Clément NEYRIAL ou le dur apprentissage de libération

Clément NEYRIALClément est très jeune. C’est comme ça d’ailleurs qu’un patron Auvergnat plus expérimenté m’a parlé de lui : « Vous devez rencontrer un jeune entrepreneur local Clément Neyrial qui a libéré sa boite de manière incroyable ». J’ai trouvé Clément, lui ai parlé et proposé d’écrire son histoire.

En effet, on demande souvent, s’il y a des preuves que l’entreprise libérée marche bien mieux que l’entreprise traditionnelle. Question compliquée. D’un côté, ce n’est pas une information qu’un leader libérateur considère pour se lancer ou non dans la libération. S’il le fait pour améliorer les résultats, il va échouer car les salariés vont vite comprendre que tout cela n’est pas fondamentalement pour eux mais pour faire plus de résultat. Et les cyniques auront raison de dire qu’avant c’était l’exploitation et maintenant c’est « l’auto-exploitation ».

De l’autre côté, la philosophie de l’entreprise libérée soutien que la libération de l’initiative et du potentiel de chacun résulte naturellement en meilleure performance économique. Toutefois, il y a encore trop peu d’entreprises libérées pour dresser une comparaison empirique du genre fait dans le fameux livre de Collins et Porras  Built to Last. Ainsi, les seules preuves empiriques qu’on peut apporter sont ceux que les chercheurs appellent les expériences naturelles des cas spécifiques. Voici comment ça marche.

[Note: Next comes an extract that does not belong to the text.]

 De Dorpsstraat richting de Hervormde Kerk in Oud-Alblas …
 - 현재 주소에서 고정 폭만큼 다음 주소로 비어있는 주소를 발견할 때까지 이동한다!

Il faut avoir un cas d’une entreprise sous-performante traditionnelle, qui se libère et, par conséquent, démontre des performances bien supérieure, qui… dans le deuxième temps, retombe dans le modèle traditionnel et ses performances se dégradent, qui… dans le troisième temps, se libère de nouveau et retrouve des bonnes performances. Pour que cette expérience soit considérée comme une preuve empirique, il faut bien sûr que l’entreprise évolue avec le même périmètre (pas d’acquisition/cession) et au même marché.

J’ai connu à ce jour un cas comme ça : la Poterie Lorraine dont le patron Claude Fringand a libéré et a sauvé à deux reprises (lire son histoire dans ce post).

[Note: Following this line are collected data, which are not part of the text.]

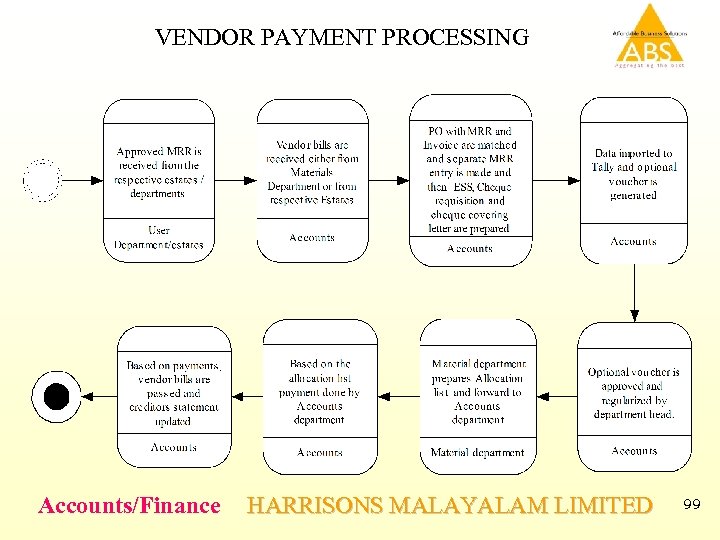 VENDOR PAYMENT PROCESSING Accounts/Finance HARRISONS MALAYALAM LIMITED 99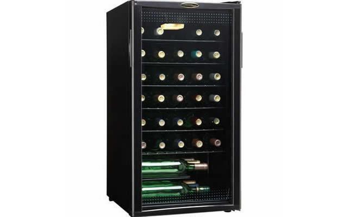 The Danby Designer® free-standing wine cooler is an economical and convenient alternative to cool and store wine. This model offers a generous 35 bottle capacity and includes an interior display light to show off your collection. The handsome all black cabinet suits almost any décor and will entice even the most seasoned of wine tasters.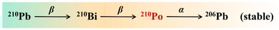 In nature, 210Po is an alpha radionuclide derived from the natural radionuclide 238U through a series of decays [6,7]. The main decay process occurs when238U undergoes a series of decays to 210Pb, 210Pb undergoes beta decay to 210Bi, 210Bi undergoes beta decay to 210Po, and finally 210Po undergoes alpha decay to produce the stable 206Pb (Figure 1) [6]. Polonium-210 has an alpha particle energy of 5.38 MeV and a half-life of 138.4 d [8], which is the longest half-life of all naturally occurring polonium radionuclides. It has high specific activity (1.66 × 1014 Bq/g) [9] and high volatility [10] and can easily form colloids and adsorb on metal surfaces.

CN industrie est le 2e cas, avec une particularité que Clément était son patron depuis le début et que dans le premier temps, comme c’est souvent avec les start-up, il a naturellement organisé son entreprise sur la base de confiance et de liberté. Par la suite, il a alterné son leadership et l’organisation de son entreprise a deux reprises avec les résultats surprenants. Vous pouvez lire son histoire ici.

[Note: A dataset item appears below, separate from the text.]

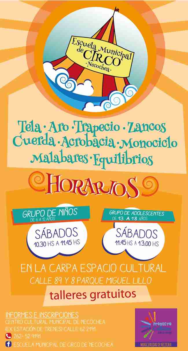 Aquellos interesados en inscripción o más información pueden dirigirse al Centro Cultural Municipal en calle 62 Nº 2191, llamar al teléfono fijo 52-9191 o bien a través del Facebook Escuela Municipal de Circo de Necochea.

NB. Clement est prévenu que son entreprise CN industrie risque de devenir un lieu de pèlerinage. Il dit « avec plaisir » mais ne mesure pas qu’il aura du coup moins de temps pour jouer au golf. Pour ne pas nous tenir responsable, nous avertissons toute suite que CN industrie n’est pas un modèle et sa libération n’est pas une recette, car il n’y a ni modèle ni recette. D’où l’intérêt de cette histoire.